Begin with the opening line of the records and extract each line through the one holding "Der var også"; pictures are not part of the copy.

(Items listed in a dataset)
####################
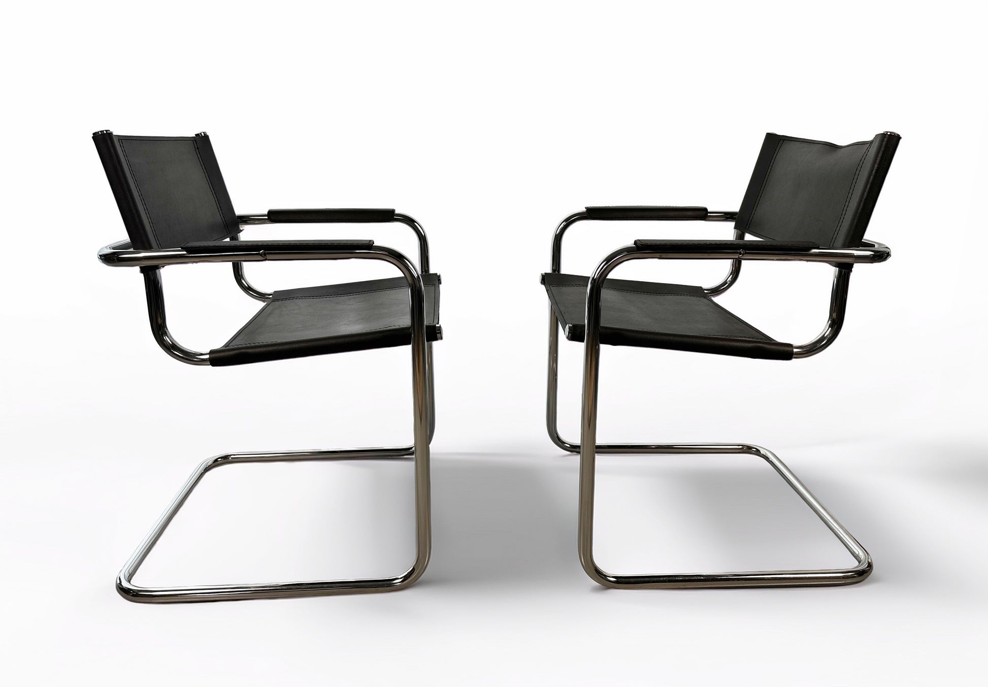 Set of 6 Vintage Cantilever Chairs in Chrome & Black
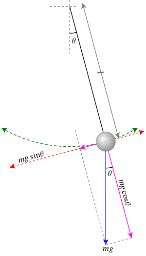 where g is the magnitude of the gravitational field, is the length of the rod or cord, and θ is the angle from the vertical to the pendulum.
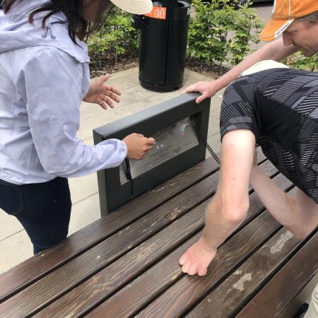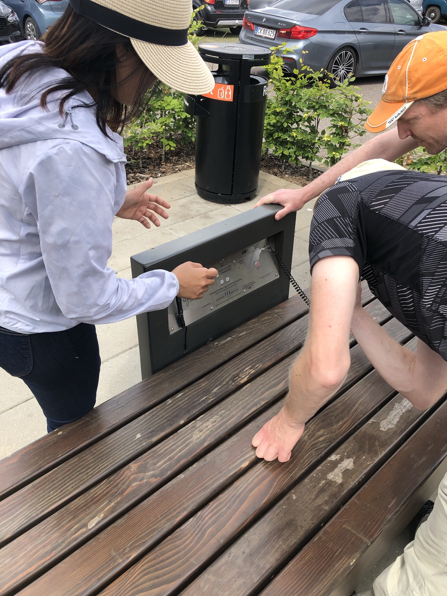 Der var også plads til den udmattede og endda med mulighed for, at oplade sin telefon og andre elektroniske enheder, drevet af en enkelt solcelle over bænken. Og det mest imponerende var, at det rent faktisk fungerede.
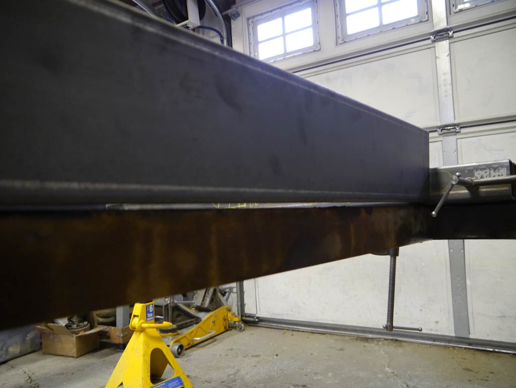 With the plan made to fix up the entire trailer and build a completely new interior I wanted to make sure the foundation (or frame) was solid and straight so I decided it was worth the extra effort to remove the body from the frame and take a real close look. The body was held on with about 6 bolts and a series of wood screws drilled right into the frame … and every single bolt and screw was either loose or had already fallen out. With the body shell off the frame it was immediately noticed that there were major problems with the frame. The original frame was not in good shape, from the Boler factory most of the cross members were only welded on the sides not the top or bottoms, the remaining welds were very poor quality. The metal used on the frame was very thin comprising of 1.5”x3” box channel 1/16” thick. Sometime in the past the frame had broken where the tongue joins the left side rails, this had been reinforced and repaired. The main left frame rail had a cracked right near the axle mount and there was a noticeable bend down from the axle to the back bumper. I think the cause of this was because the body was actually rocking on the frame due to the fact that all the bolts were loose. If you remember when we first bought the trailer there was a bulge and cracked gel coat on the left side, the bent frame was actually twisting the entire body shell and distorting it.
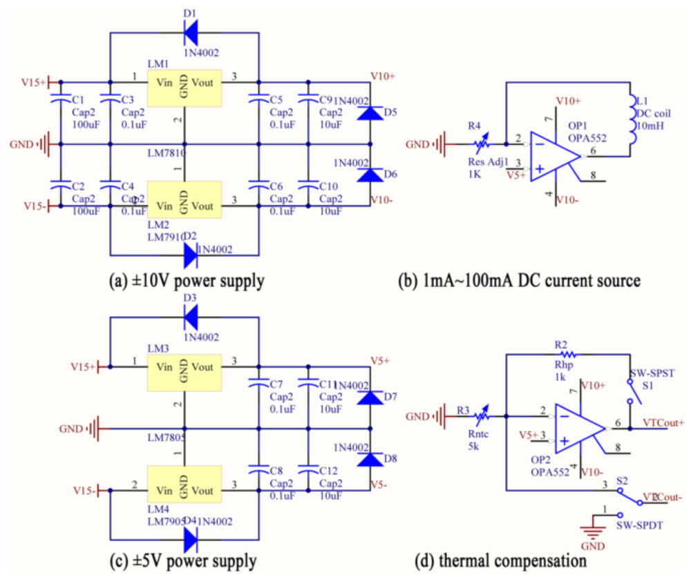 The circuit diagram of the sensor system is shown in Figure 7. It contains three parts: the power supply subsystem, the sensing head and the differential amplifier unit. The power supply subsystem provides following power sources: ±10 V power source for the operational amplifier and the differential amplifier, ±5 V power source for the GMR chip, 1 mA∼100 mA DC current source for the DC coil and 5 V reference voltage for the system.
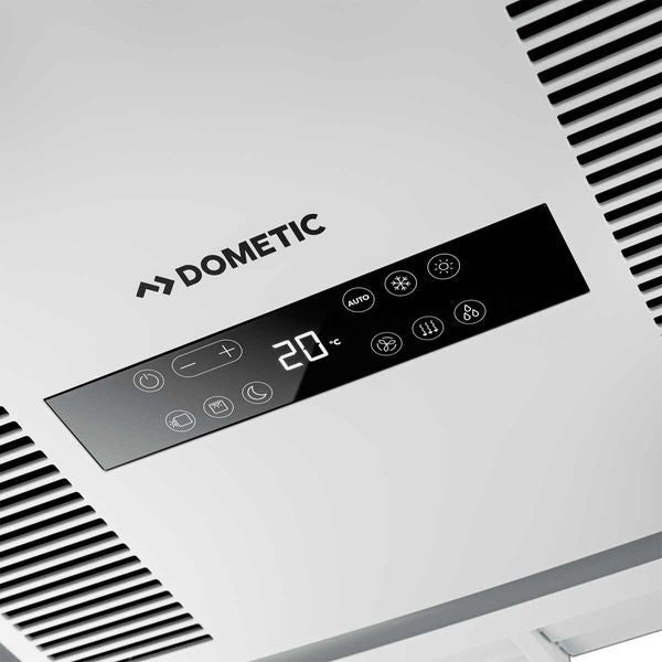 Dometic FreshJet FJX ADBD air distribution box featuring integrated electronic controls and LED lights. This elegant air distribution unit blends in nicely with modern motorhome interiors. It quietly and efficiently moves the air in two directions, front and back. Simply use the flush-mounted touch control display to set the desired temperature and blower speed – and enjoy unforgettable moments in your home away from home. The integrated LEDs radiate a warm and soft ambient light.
####################
**ANSWER SECTION:**
 Set of 6 Vintage Cantilever Chairs in Chrome & Black
 where g is the magnitude of the gravitational field, is the length of the rod or cord, and θ is the angle from the vertical to the pendulum.
 Der var også plads til den udmattede og endda med mulighed for, at oplade sin telefon og andre elektroniske enheder, drevet af en enkelt solcelle over bænken. Og det mest imponerende var, at det rent faktisk fungerede.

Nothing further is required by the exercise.